◆ YOUR OBJECTIVE ◆
Repeat, please, exactly the lines from the one that has "어깨 바로 아래 손이" through the end of the records below, with pictures dropped.

(Stored items from a collection)
--------------------

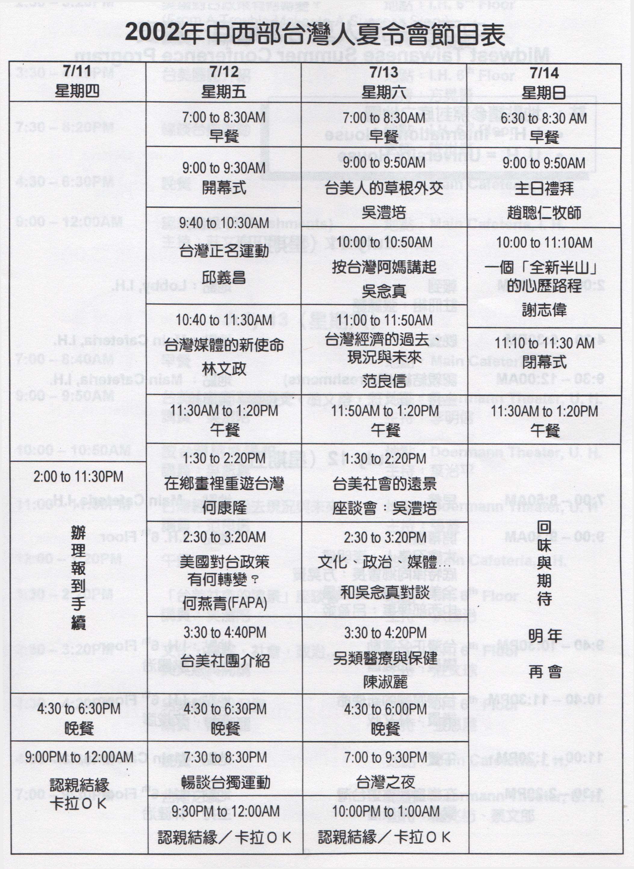 大會籌備會經過一年的策劃、討論與聯絡,安排出這次多元而緊湊的節目。包括多項專題演講以及討論座談,分別從文化、經濟、社會、以及國際形勢的層面,來探討台美人的發展。此外,也有台灣美術以及醫藥常識等講座。講員都是由台灣及美國各地邀請來的一時之選,希望能與大家共同切磋出新的概念與認知。除了演講和座談外,我們也準備了許多表演節目,將在星期六晚上的「台灣之夜」供您觀賞。當然,請您千萬不要錯過的,還有每天晩上最具中西部夏令會特色的「認親結緣」時間。希望能在這個輕鬆愉快的場合中,和您一起聊往事,喝啤酒,歡唱卡拉0K,共同留下美好的記憶。
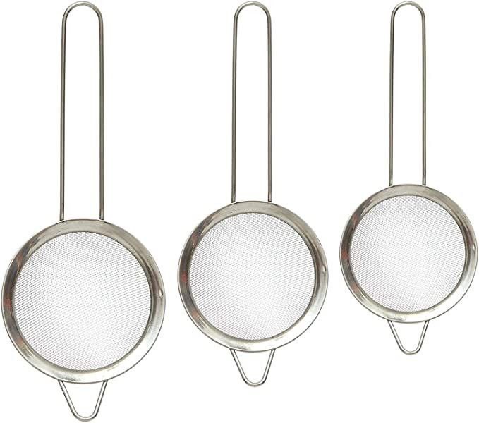 This set of items consists of three stainless steel fine-mesh strainers, also commonly referred to as sieves or colanders. These multi-functional kitchen tools are used to separate solids from liquids and for sifting dry ingredients.
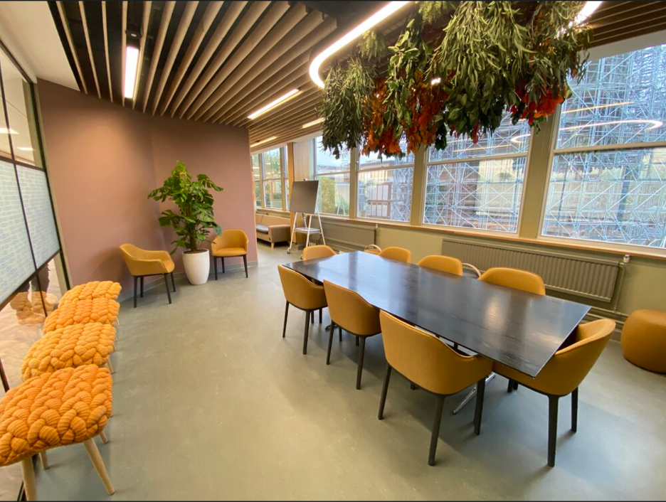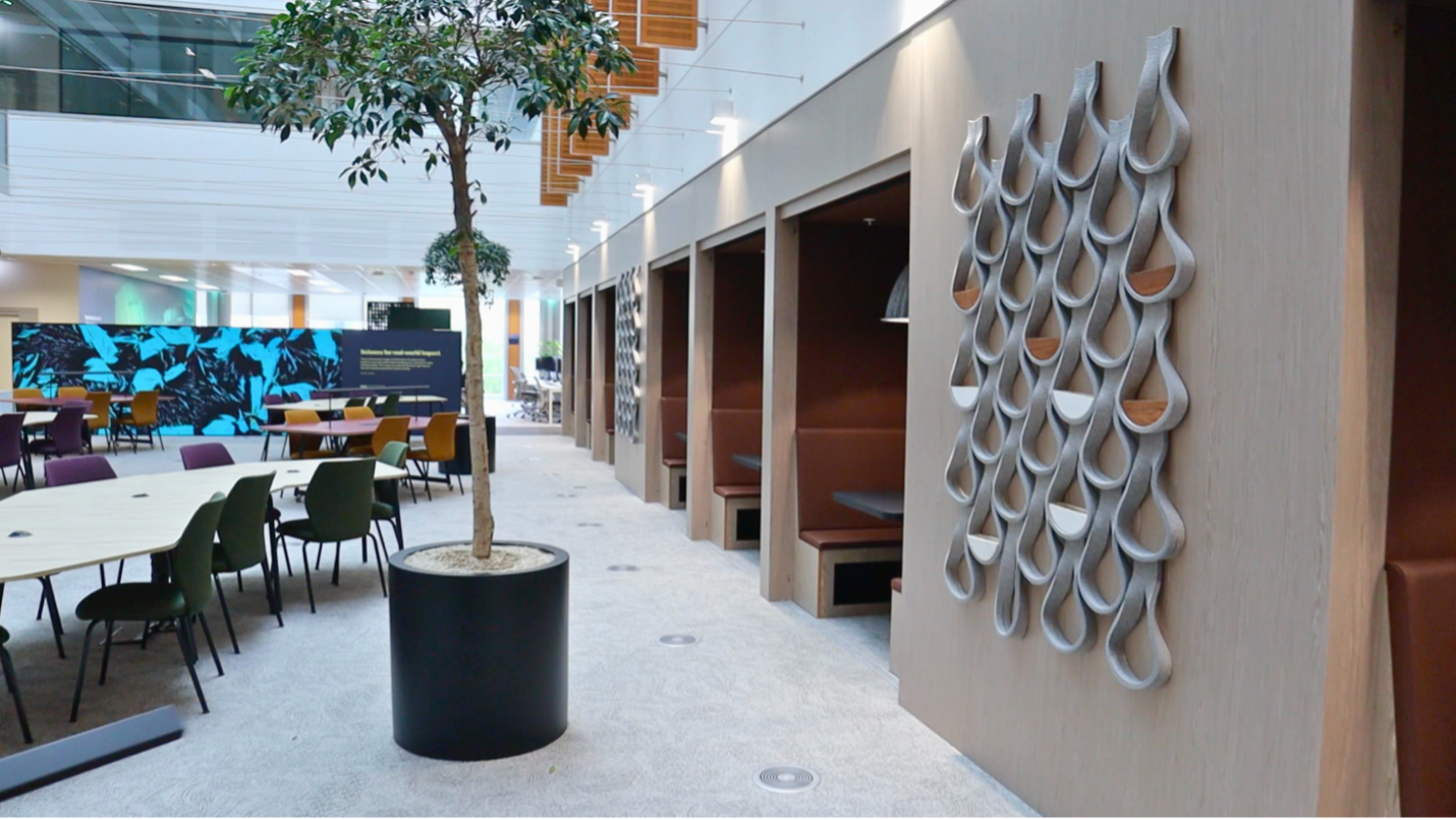 - Biophilic and Sustainable Materials: Acoustic wall art made from 100% recycled ocean plastic (PET), wood finishes, integrated planting, and sustainable flooring materials such as Marmoleum and recycled vinyl brought warmth and calm to the space.
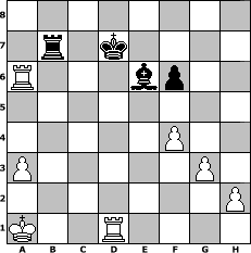 Partie-Notation im PGN-Format [Event "F"] [Site "www.mySchach.de"] [Date "2005.03.08"] [Round "1"] [White "bjeu"] [Black "Andreas"] [ECO "A57"] [WhitemyELO "2005"] [BlackmyELO "1678"] [Result "1-0"] [TimeControl "10/1728000"] [WhiteDays "120"] [BlackDays "115"] [MySchachNr "10988"] 1. d4 Nf6 2. c4 c5 3. d5 b5 4. cxb5 a6 5. Nc3 axb5 6. Nxb5 Bb7 7. Nc3 Qa5 8. Bd2 Qb6 9. e4 e6 10. Qf3 Na6 11. a3 exd5 12. Nxd5 Qe6 13. Nxf6+ gxf6 14. Qe3 Bxe4 15. f3 Bc6 16. O-O-O d5 17. Qf2 Be7 18. Re1 Qd6 19. Qh4 Bd7 20. Bh6 Rg8 21. Bf4 Qb6 22. Qxh7 Rf8 23. Bh6 Be6 24. Bxf8 Bxf8 25. Nh3 Rb8 26. Re2 Qb3 27. Qc2 Qa2 28. Re3 Bh6 29. f4 c4 30. Qb1 Qxb1+ 31. Kxb1 Kd7 32. g3 Bf5+ 33. Ka1 Nc5 34. Bg2 Nd3 35. Bxd5 Bxh3 36. Bxc4 Nc5 37. Rd1+ Kc6 38. Bxf7 Kb6 39. Rd6+ Kc7 40. Rd5 Bf8 41. b4 Nb7 42. Be6 Bg2 43. Rd7+ Kc6 44. Rd2 Bh1 45. Rd1 Bg2 46. Rg1 Bd5 47. Rc1+ Nc5 48. bxc5 Bxc5 49. Rec3 Bxe6 50. Rxc5+ Kd6 51. Rc6+ Kd7 52. Ra6 Rb7 53. Rd1+ 1-0 Stellungs-Notation im FEN-Format 8/1r1k4/R3bp2/8/5P2/P5P1/7P/K2R4 - - - 6 53 Geschlagene Figuren Weiss: Geschlagene Figuren Schwarz: Klicken Sie auf eine geschlagene Figur um den gewünschten Zug darzustellen!
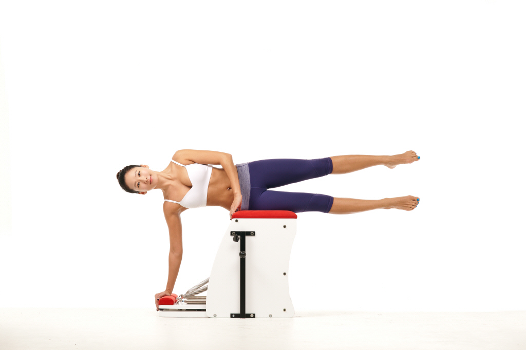 어깨 바로 아래 손이 위치할 수 있도록 체어 위에 옆으로 누워 손으로 페달을 누르고 머리부터 발끝까지 일직선을 유지한다.
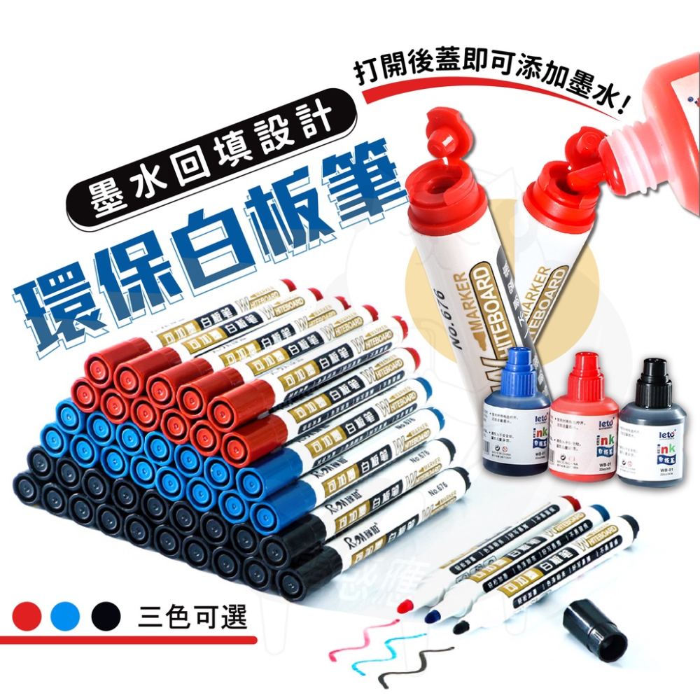 環保白板筆 水性筆【開發票 24H發貨】講師專用筆 可回填墨水的白板筆 黑色藍色紅色 辦公 文具 水性白板筆
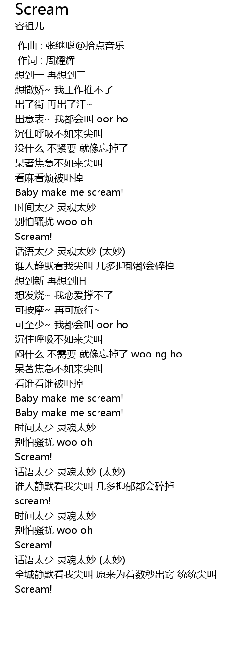 | [03:54.96] | 全城静默看我尖叫 原来为着数秒出窍 统统尖叫 |

--------------------

◆ ANSWER SPACE ◆
 어깨 바로 아래 손이 위치할 수 있도록 체어 위에 옆으로 누워 손으로 페달을 누르고 머리부터 발끝까지 일직선을 유지한다.
 環保白板筆 水性筆【開發票 24H發貨】講師專用筆 可回填墨水的白板筆 黑色藍色紅色 辦公 文具 水性白板筆
 | [03:54.96] | 全城静默看我尖叫 原来为着数秒出窍 统统尖叫 |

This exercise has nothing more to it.